#### [Supplied entries]
════════
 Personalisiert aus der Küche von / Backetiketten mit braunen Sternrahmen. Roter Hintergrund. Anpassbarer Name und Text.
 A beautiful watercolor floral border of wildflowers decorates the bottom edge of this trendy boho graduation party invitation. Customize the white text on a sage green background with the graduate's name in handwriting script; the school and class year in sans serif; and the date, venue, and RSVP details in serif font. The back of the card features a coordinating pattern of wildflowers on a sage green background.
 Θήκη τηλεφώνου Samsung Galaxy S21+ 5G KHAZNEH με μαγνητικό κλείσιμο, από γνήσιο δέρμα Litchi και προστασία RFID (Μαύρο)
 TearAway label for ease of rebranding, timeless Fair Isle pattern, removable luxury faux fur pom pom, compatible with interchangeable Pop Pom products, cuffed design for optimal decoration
════════
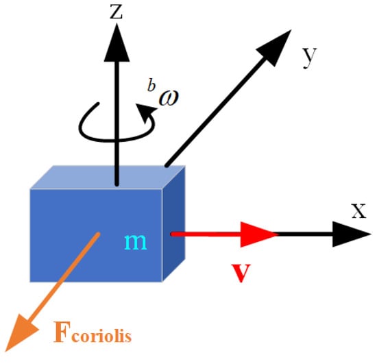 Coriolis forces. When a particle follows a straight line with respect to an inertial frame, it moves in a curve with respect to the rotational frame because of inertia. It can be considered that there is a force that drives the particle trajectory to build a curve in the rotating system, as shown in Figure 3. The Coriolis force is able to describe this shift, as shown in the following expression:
════════
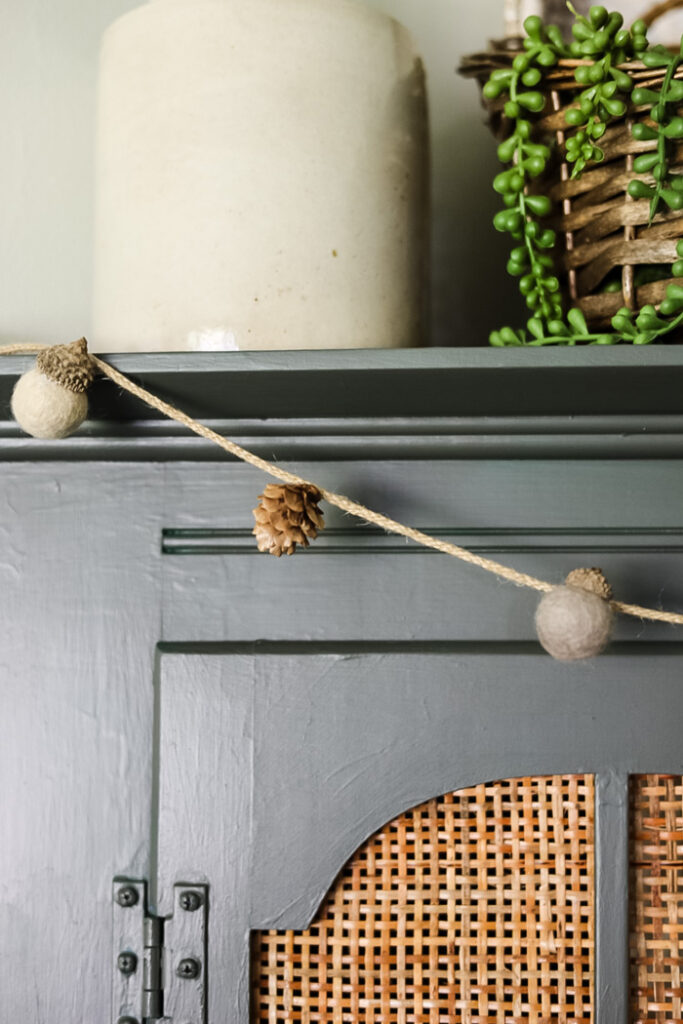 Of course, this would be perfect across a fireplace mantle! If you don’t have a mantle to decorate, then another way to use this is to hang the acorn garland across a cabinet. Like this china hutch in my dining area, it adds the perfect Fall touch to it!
════════
#### [To do]
Give an exact copy of the lines above from the line with "Θήκη τηλεφώνου Samsung" up to and including the line with "TearAway label for", and leave everything else out.

#### [Answer for the task]
 Θήκη τηλεφώνου Samsung Galaxy S21+ 5G KHAZNEH με μαγνητικό κλείσιμο, από γνήσιο δέρμα Litchi και προστασία RFID (Μαύρο)
 TearAway label for ease of rebranding, timeless Fair Isle pattern, removable luxury faux fur pom pom, compatible with interchangeable Pop Pom products, cuffed design for optimal decoration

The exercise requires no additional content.